In our March update, we reassess our economic and market forecasts to reflect the impact of the war in Ukraine and look at how central banks are likely to respond to the prospect of weaker growth and surging inflation in Europe.
It's unthinkable that I would ever experience war on my doorstep - Carsten Brzeski
The sanctions are unlikely to stop the war as long as Russia can continue selling oil and gas to Europe and other countries. And the revenues from the extraordinarily high energy prices actually partly offset the negative effects of the sanctions. We'll look at those direct effects. And we'll consider the indirect consequences on countries and markets around the world as governments and central banks continue to fight inflationary and many other pressures.
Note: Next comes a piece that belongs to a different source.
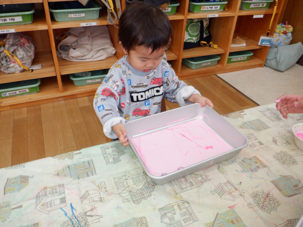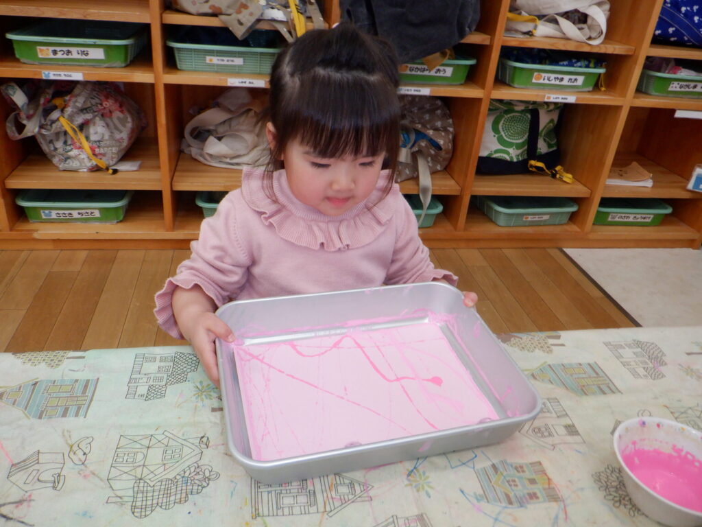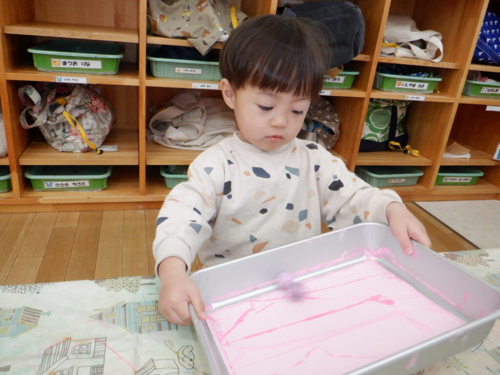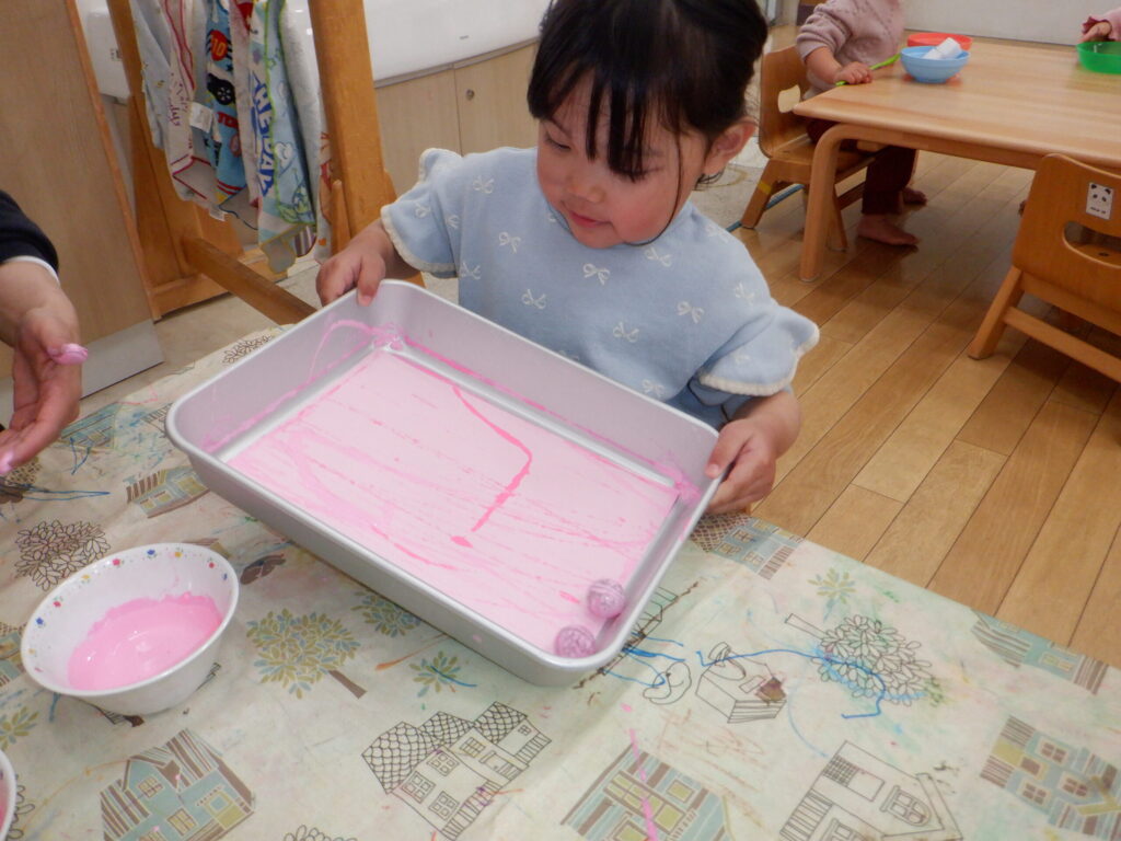 バットを両手で持ってビー玉がコロコロ転がる様子を真剣に見ているたんぽぽ組さんでした!!

A closer look at the sanctions
So far, the sanction response to the military escalation has been aggressive and generally coordinated, but careful not to disrupt Russia’s key commodity exports to the main partners. That is probably explained by Russia’s importance to the commodity and financial markets and also by the necessity to leave room for additional pressure should things get still worse. The measures announced in the headlines are bold, including full blocking sanctions against banks, a cut-off from the SWIFT messaging system which allows financial institutions to authorise payments, the sanctioning of private assets of individual Russians (the Specially Designated Nationals list), export bans on high tech goods and sanctions on the Central Bank of Russia. These are all elements from the most severe Iranian playbook.